%%

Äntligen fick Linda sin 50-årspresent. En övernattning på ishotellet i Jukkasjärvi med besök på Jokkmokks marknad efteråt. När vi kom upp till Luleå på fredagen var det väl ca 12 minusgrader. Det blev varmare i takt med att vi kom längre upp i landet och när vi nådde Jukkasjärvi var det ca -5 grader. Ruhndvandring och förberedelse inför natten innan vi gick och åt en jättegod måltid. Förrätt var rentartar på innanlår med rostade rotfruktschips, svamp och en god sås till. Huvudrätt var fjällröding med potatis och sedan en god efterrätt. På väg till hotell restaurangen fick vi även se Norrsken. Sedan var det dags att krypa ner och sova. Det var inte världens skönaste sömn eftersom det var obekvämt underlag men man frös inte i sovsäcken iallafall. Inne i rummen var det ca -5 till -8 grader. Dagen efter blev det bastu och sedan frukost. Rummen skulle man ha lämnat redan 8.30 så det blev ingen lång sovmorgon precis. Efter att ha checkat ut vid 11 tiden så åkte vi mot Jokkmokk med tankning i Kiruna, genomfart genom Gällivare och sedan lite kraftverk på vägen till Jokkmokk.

%%
%%

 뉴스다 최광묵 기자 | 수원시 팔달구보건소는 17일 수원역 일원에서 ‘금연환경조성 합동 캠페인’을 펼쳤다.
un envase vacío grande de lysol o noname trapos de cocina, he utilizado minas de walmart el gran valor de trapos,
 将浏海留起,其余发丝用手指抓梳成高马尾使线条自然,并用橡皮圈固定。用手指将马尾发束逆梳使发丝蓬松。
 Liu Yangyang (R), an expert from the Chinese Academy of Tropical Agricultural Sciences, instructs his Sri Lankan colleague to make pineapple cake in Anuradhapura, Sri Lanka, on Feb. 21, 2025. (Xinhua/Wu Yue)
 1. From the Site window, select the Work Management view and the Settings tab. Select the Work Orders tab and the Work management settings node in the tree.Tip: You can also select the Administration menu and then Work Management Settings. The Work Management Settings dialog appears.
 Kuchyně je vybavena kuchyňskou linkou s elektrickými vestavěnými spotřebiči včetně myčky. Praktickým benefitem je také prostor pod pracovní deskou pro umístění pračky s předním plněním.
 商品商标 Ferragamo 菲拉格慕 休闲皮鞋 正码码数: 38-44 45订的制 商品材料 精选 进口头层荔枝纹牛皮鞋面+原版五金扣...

%%

**What to do**
Using the entries above, give again exactly the lines from the line holding "将浏海留起,其余发丝用手指抓" through the line holding "1. From the". Include both end lines and nothing else.

**Task solution**
 将浏海留起,其余发丝用手指抓梳成高马尾使线条自然,并用橡皮圈固定。用手指将马尾发束逆梳使发丝蓬松。
 Liu Yangyang (R), an expert from the Chinese Academy of Tropical Agricultural Sciences, instructs his Sri Lankan colleague to make pineapple cake in Anuradhapura, Sri Lanka, on Feb. 21, 2025. (Xinhua/Wu Yue)
 1. From the Site window, select the Work Management view and the Settings tab. Select the Work Orders tab and the Work management settings node in the tree.Tip: You can also select the Administration menu and then Work Management Settings. The Work Management Settings dialog appears.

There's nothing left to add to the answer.